In order to transform the Polar Coordinates (r,theta) into (x,y), you must look at the triangle formed by origin, the point with coordinates (x,y) and the point (x,0).
This is a right angled triangle with hypotenuse equal to |r| and sides equal to |x| and |y|, respectively.
From Pythagora's Theorem and the definitions of sin x and cos x we have :
r^2 = x^2 + y^2
x = r*cos theta
y = r*sin theta
From these we can deduce theta to be equal to arccos(x/(x^2+y^2)) and arcsin(y/(x^2+y^2)).

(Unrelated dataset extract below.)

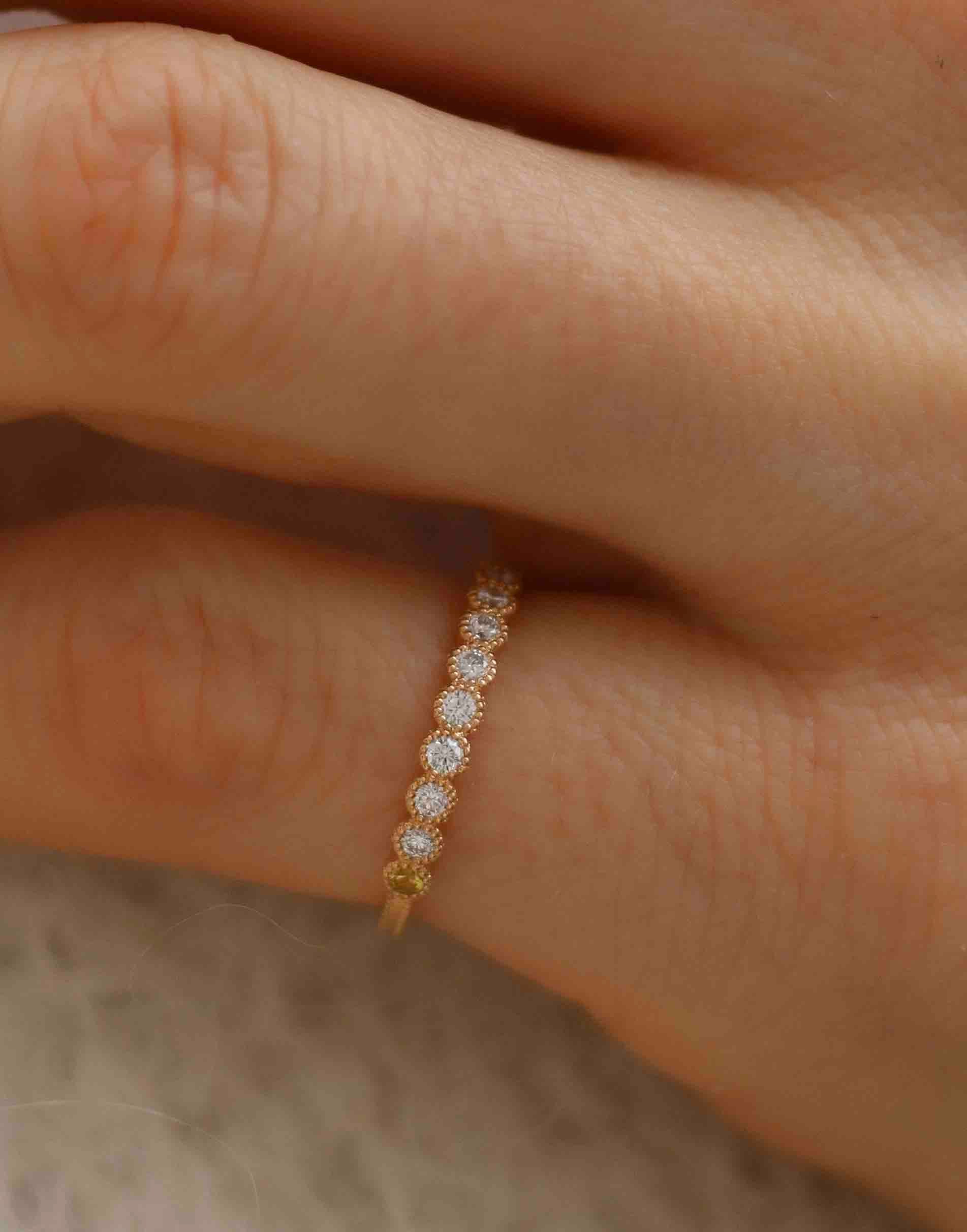 Astrid Vintage Diamond Band fantastiskt vackert diamantband som har en underbar vintagekänsla. Dekoren runt fattningen är en underbar milligriffdekor som var vanlig i smycken under förra sekelskiftet (1800/1900).

Now, insert x^2 + y^2 and the formulas for theta into the original equation.
(x^2 + y^2)^2 + x^2 + y^2
= -arccos(x/(x^2+y^2)) - 1/cos^2 (arccos(x/(x^2 + y^2))) + 4/sin (arcsin(y/(x^2+y^2)))

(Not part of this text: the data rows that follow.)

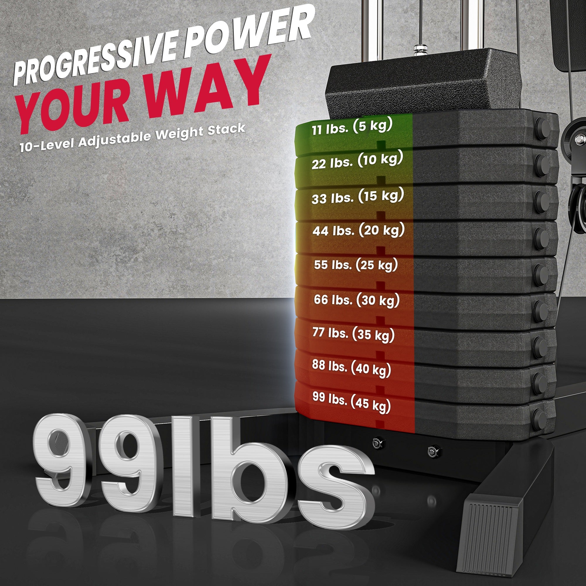 Designed with robust steel and PU finishes, this station ensures stability and durability. Its integrated 99 lb (45 kg) weight stack allows for easy resistance adjustment, while its solid structure supports up to 242 lb (110 kg).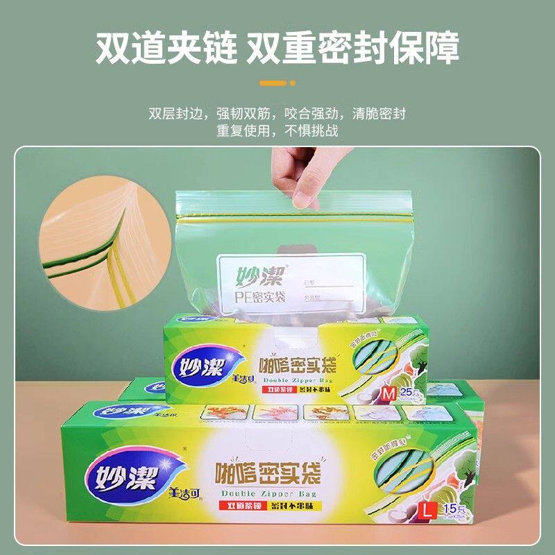 妙洁保鲜袋密封袋食品级家用冰箱冷冻收纳带封口塑封食品袋自封袋
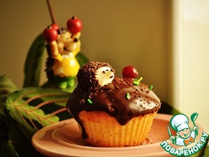 Теперь очередь ежиков. Взять нашу заготовочку из белого шоколада за «носик» и окунуть в ганаш до «мордочки». Посыпать облитую часть натертым шоколадом. Торжественно усадить ежа на кекс. Зубочистку обмакнуть в ганаш и нарисовать носик, глазки и ротик. Дальше я «посадила» немножко травки из сахарной посыпки, здесь есть, где развернуться фантазии.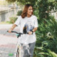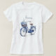 watercolor painting of a bicycle with a basket full of flowers in Delft Blue colours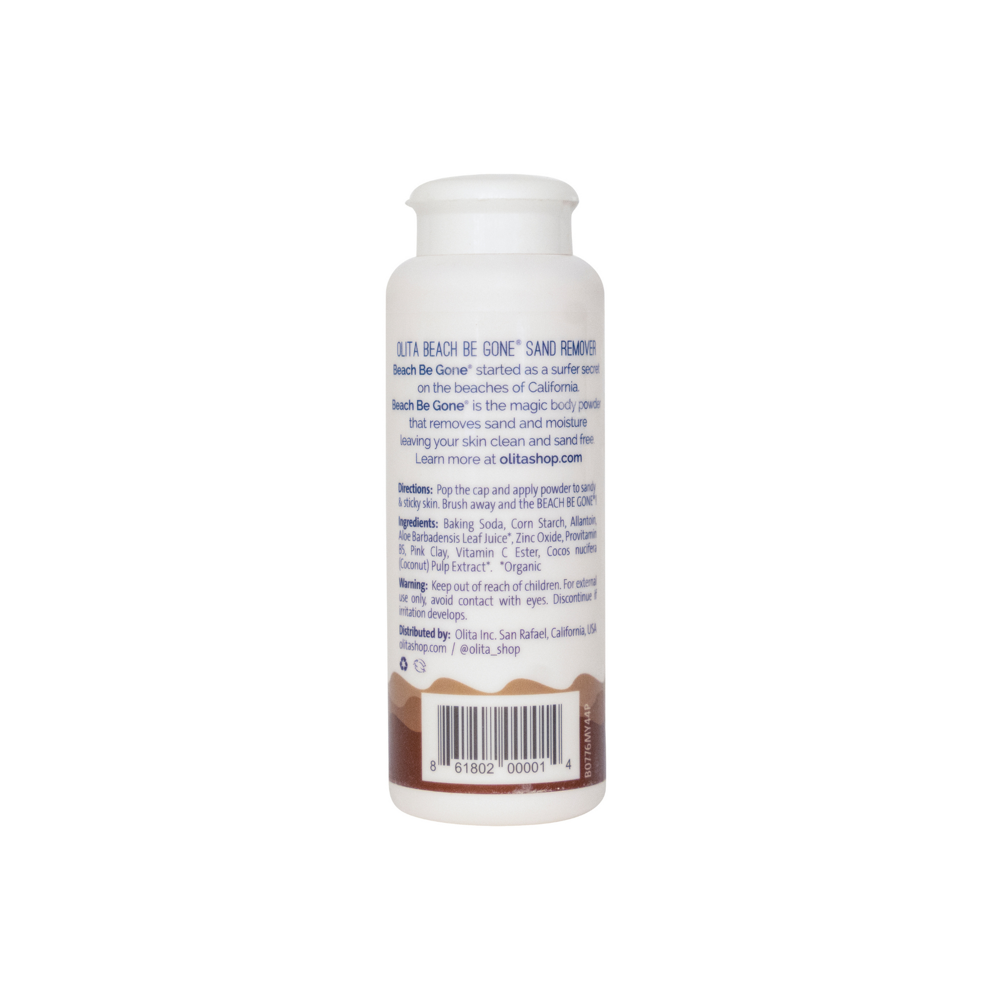 OLITA's Beach Be Gone proprietary blend of premium ingredients: Baking Soda, Organic Aloe Leaf Powder*, Non-Nano Zinc Oxide, Non-GMO Corn Starch, Provitamin B5, Allantoin, Vitamin C Ester, Cocos nucifera (Coconut) Pulp Extract*. *Organic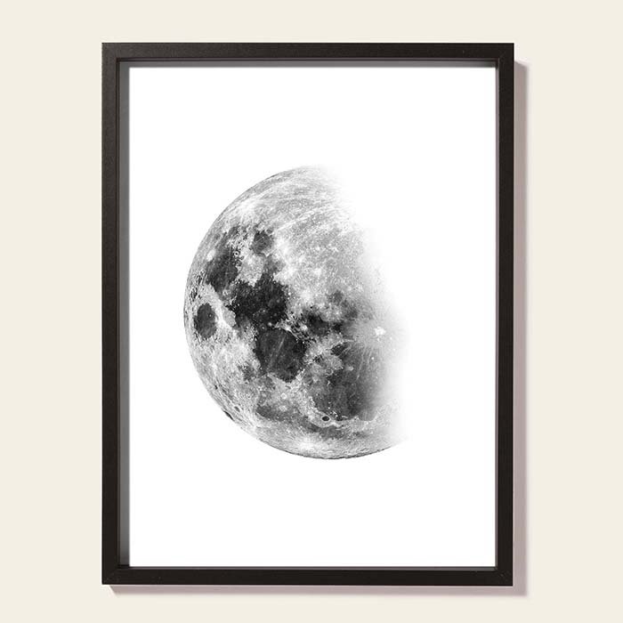 Quadro Decorativo Lua em MDF com Moldura Preta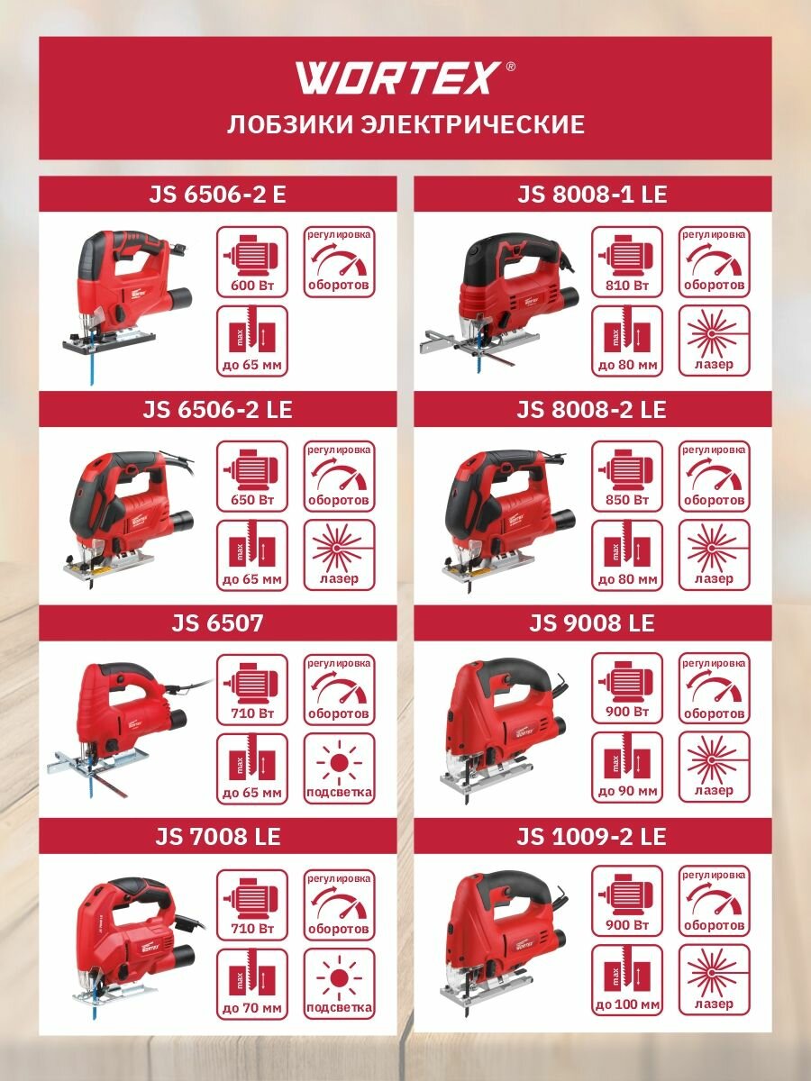 Ниже Вы можете прочитать отзывы на Лобзик электрический Wortex JS 6506-2 LE, в коробке (650 Вт, пропил до 65 мм, лазер, подсветка, литая платформа) (JS65062LE0021), ознакомится с подробными характеристиками, посмотреть интересные обзоры и фотографии на Лобзик электрический Wortex JS 6506-2 LE, в коробке (650 Вт, пропил до 65 мм, лазер, подсветка, литая платформа) (JS65062LE0021).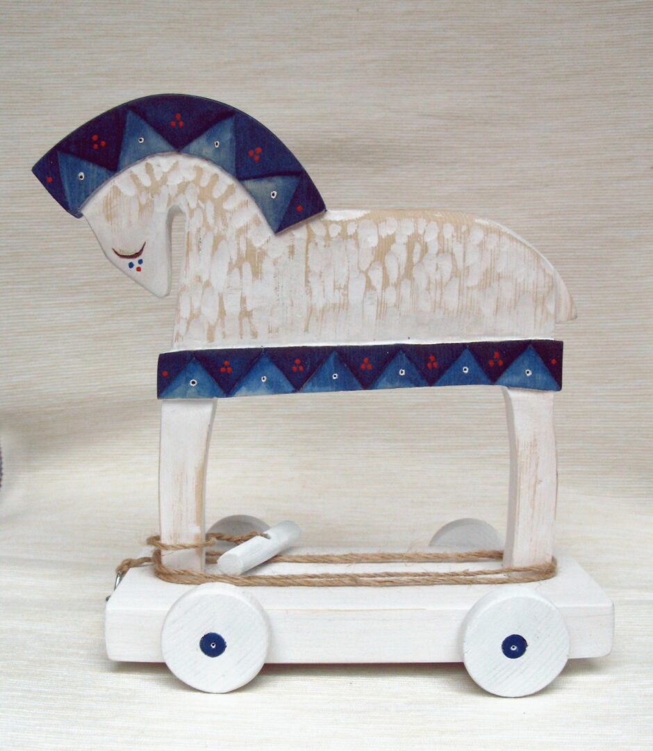 Koník na podvozku s kolieskami je ručne vyrezávaný a zdobený vruborezom maľovaním. Je bez povrchovej úpravy.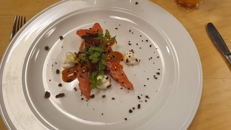 Rimmet Laks med Gin, Rygeostcreme & Havtorn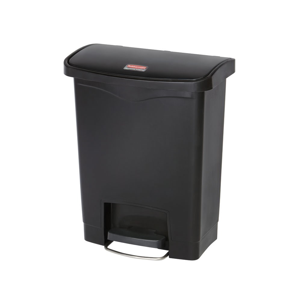 The Slim Jim 30L Front Step Bin Black Rubbermaid is built for efficient, hands-free waste disposal in compact spaces. Its slim design and small footprint make it ideal for hospitality, healthcare, and commercial use. The large foot pedal provides easy access, while the tight-fitting lid closes softly to minimise noise. An internal hinge protects walls from damage for a neat and safe setup.

=-arccos(x/(x^2 + y^2)) - (x^2 + y^2)^2/x^2 + (4(x^2+y^2))/y
So, in conclusion, the Cartesian form of r^2 + r = -theta - sec^2 theta + 4 csc theta
is
=-arccos(x/(x^2 + y^2)) - (x^2 + y^2)^2/x^2 + (4(x^2+y^2))/y
or
=-arcsin(y/(x^2 + y^2)) - (x^2 + y^2)^2/x^2 + (4(x^2+y^2))/y.